Is science only about finding things out? Or are there problems or puzzles that we are trying to solve? How often do we stop to wonder at what sort of enterprise we are engaged in? We imbibe how to do science over a long period of time beginning at school and going on to various levels at university. After university, it may take other particularly practical forms. If we are involved in a problem or puzzle solving version of science, exactly what is it that we are trying to solve? Engrossed in the practical elements of research, we may sometimes overlook our precise goals.
Consider the puzzles in newspapers or magazines or those in the apps on our smartphones. Some people naturally gravitate towards number puzzles, some to word puzzles others to more strategic puzzles like chess. The variety of considerable. As a species we are ‘solvers’. It is is sometimes suggested that our inquisitiveness is what gave rise to science. I suggest that our desire to ‘solve’ played a large part too.
I have used the words ‘problem’ and ‘puzzle’. In philosophy there is a distinction to be made between them. Problems are substantive by nature and, as a result, carry a certain importance. Puzzles are primarily linguistic by nature and rely on how words are used. (This is further complicated by the fact that a word’s meaning may shift over time.)
Ludwig Wittgenstein (1889-1951) claimed that in philosophy there were only linguistic puzzles. Sir Karl Popper (1902-1994) did not hold that opinion. Popper was asked to address the matter in a paper entitled "Are There Philosophical Problems?" at a meeting of the Cambridge University Moral Sciences Club on 25 October 1946.
At that meeting, he appears to have applied thinking akin to that characteristic of that for which many scientists know him. It may be expressed as follows:
- The question "Are There Philosophical Problems?" is itself a philosophical problem (it is clearly not a linguistic puzzle).
- Thus, there is at least one philosophical problem.
- Therefore, philosophy does not consist of linguistic puzzles alone.
This is a key theme in Edmonds and Eidinow’s book ‘Wittgenstein’s Poker’ first published in 2001 (and which I can highly recommend reading).
Some puzzles are solved by putting the pieces together. A jigsaw puzzle is an obvious example. All the king’s horses and all the king’s men set out to do something akin to a jigsaw puzzle when trying to put Humpty together again. Since it did not work, that approach was clearly the wrong one. Reconstructing Humpty is problem not a puzzle.
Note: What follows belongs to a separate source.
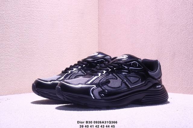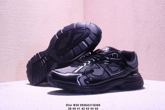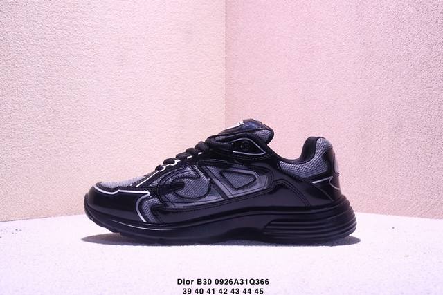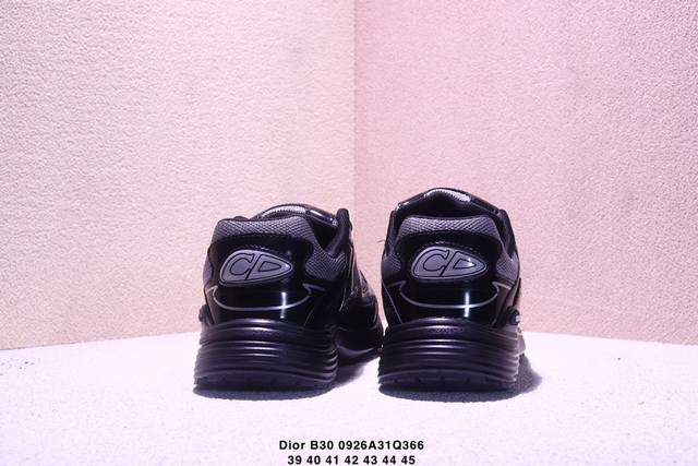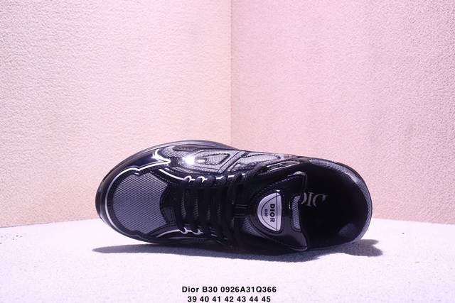 Dior B30 mesh low-top sneakers. Crafted from black mesh, white and black technical fabric, this style features a reflective "Cd30" graphic logo. The lightweight, sculpted rubber sole with signature accents elevates the look, while stretch details create an ideal fit and complement any casual look for a stylish, modern, sporty vibe. Size: As shown. Xm0926Q366

When trying to understand the human body scientifically, we are engaged in a process of taking the body apart and then not even trying to put the pieces together again. This deconstruction is, of course, done conceptually. Even if we were allowed, we could not take a living organism apart and it put it back together again alive. An organ may be surgically exposed and experimented upon. It is technically possible to remove an organ from the body and return it at another time. But we cannot expect to do this to several organs at once.
If we are going to deconstruct the body conceptually, we must find a way to reconstruct it conceptually, too. One way of doing this may be to move away from simply seeing organs as separate components of specific physiological systems and looking at how they work together with others organs - not least those in other systems.
A simple example is that of the heart and lungs and the way in which they work together. Typically they are addressed quite separately: the heart is described as part of the cardiovascular system and the lungs as part of the respiratory system. A textbook may describe them many pages apart and yet anatomically they are side-by-side and physiologically they have complementary roles with regard to respiratory gas transport. A conceptual linkage of the two is already done by teacher and student in and out of the classroom. There are other possibilities and there is scope for a more formal recognition of this type of thinking by textbooks.